引用已删除 calls 的 tool results → 删除
结果被删除的 tool calls → 注入 stub result

Iterative Re-compression

后续 compression 时，previous summary 会传给 LLM，并指示它更新 summary，而不是从零开始总结。这可以在多次 compactions 之间保留信息 —— items 会从 “In Progress” 移动到 “Done”，新的 progress 会被添加，过时信息会被移除。

compressor 实例上的 _previous_summary 字段会存储上一次 summary text，用于这个目的。

Before / After 示例

Compression 前（45 条 messages，约 95K tokens）

[0] system:    "You are a helpful assistant..."（system prompt）
[1] user:      "Help me set up a FastAPI project"
[2] assistant: <tool_call> terminal: mkdir project </tool_call>
[3] tool:      "directory created"
[4] assistant: <tool_call> write_file: main.py </tool_call>
[5] tool:      "file written (2.3KB)"
    ... 另外 30 轮 file editing、testing、debugging ...
[38] assistant: <tool_call> terminal: pytest </tool_call>
[39] tool:      "8 passed, 2 failed\n..."（5KB 输出）
[40] user:      "Fix the failing tests"
[41] assistant: <tool_call> read_file: tests/test_api.py </tool_call>
[42] tool:      "import pytest\n..."（3KB）
[43] assistant: "I see the issue with the test fixtures..."
[44] user:      "Great, also add error handling"

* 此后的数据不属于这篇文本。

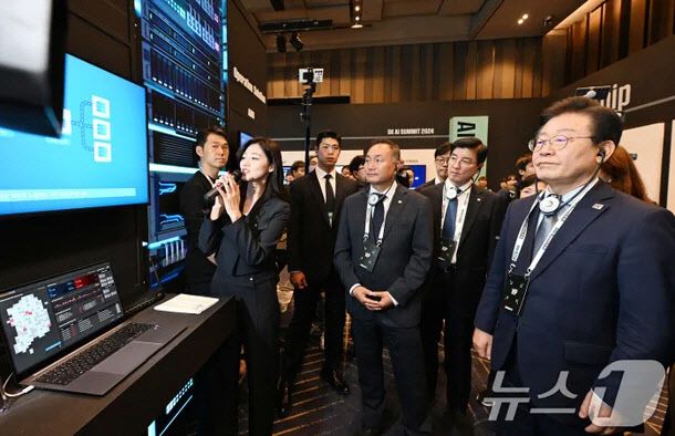 4일 서울 강남구 삼성동 코엑스에서 열린 SK AI 서밋에는 더불어민주당 이재명 대표, 조승래 국회 AI 포럼 대표 연구위원, 김현 과학기술정보방송통신위원회 간사 등이 참석했다.
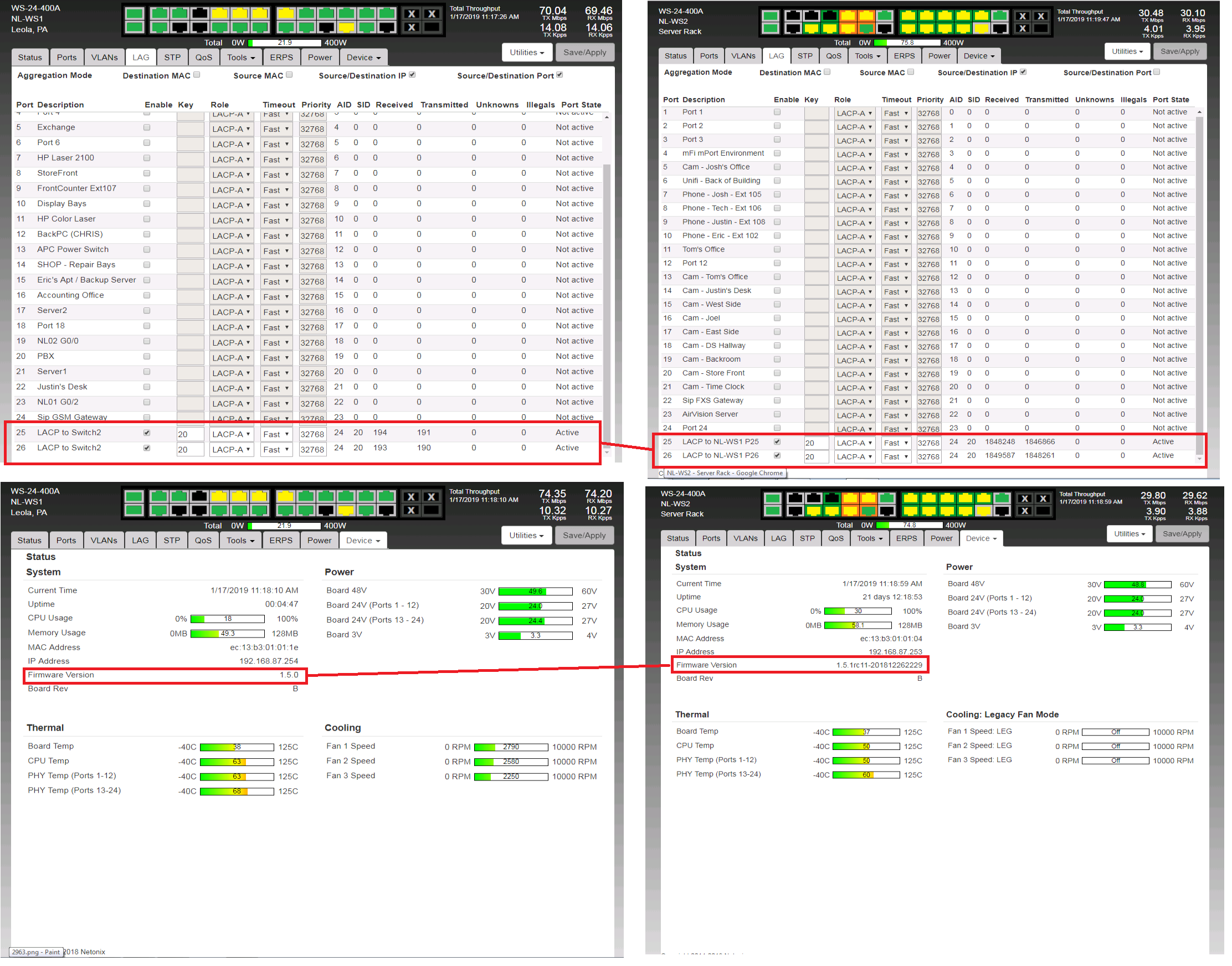Now today I downgraded NL-WS1 to v1.5.0 and the LACP failed to come up. I then rebooted the switch and it came up. Which was ODD I give you that. I think it was more the fact that the SFP modules I have in these switches act weird from time to time?
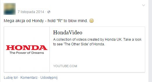 Interaktywny film promujący dwa oblicza Hondy Civic Type R, przedstawiał dwa style, dwie osobowości, a raczej dwie twarze użytkownika, w końcu dwie możliwości jazdy. Harmonia przeplatała się z emocjonującym driftem. Użytkownik poprzez naciśnięcie przycisku wybierał i zmieniał styl jazdy, a w ten sposób historię.
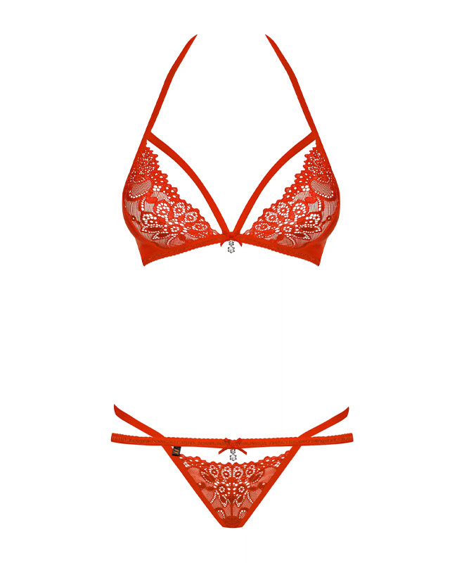 Wow! Dette settet er for deg som virkelig ønsker å vise frem alt du har å by på. Sexy blonder og myke stropper gjør dette settet helt utrolig å ha på seg, og doble stropper over brystene viser frem puppene dine på en helt utrolig måte.

Compression 后（25 条 messages，约 45K tokens）

[0] system:    "You are a helpful assistant...
               [Note: Some earlier conversation turns have been compacted...]"
[1] user:      "Help me set up a FastAPI project"
[2] assistant: "[CONTEXT COMPACTION] Earlier turns were compacted...

               ## Goal
               Set up a FastAPI project with tests and error handling

               ## Progress
               ### Done
               - Created project structure: main.py, tests/, requirements.txt
               - Implemented 5 API endpoints in main.py
               - Wrote 10 test cases in tests/test_api.py
               - 8/10 tests passing

               ### In Progress
               - Fixing 2 failing tests (test_create_user, test_delete_user)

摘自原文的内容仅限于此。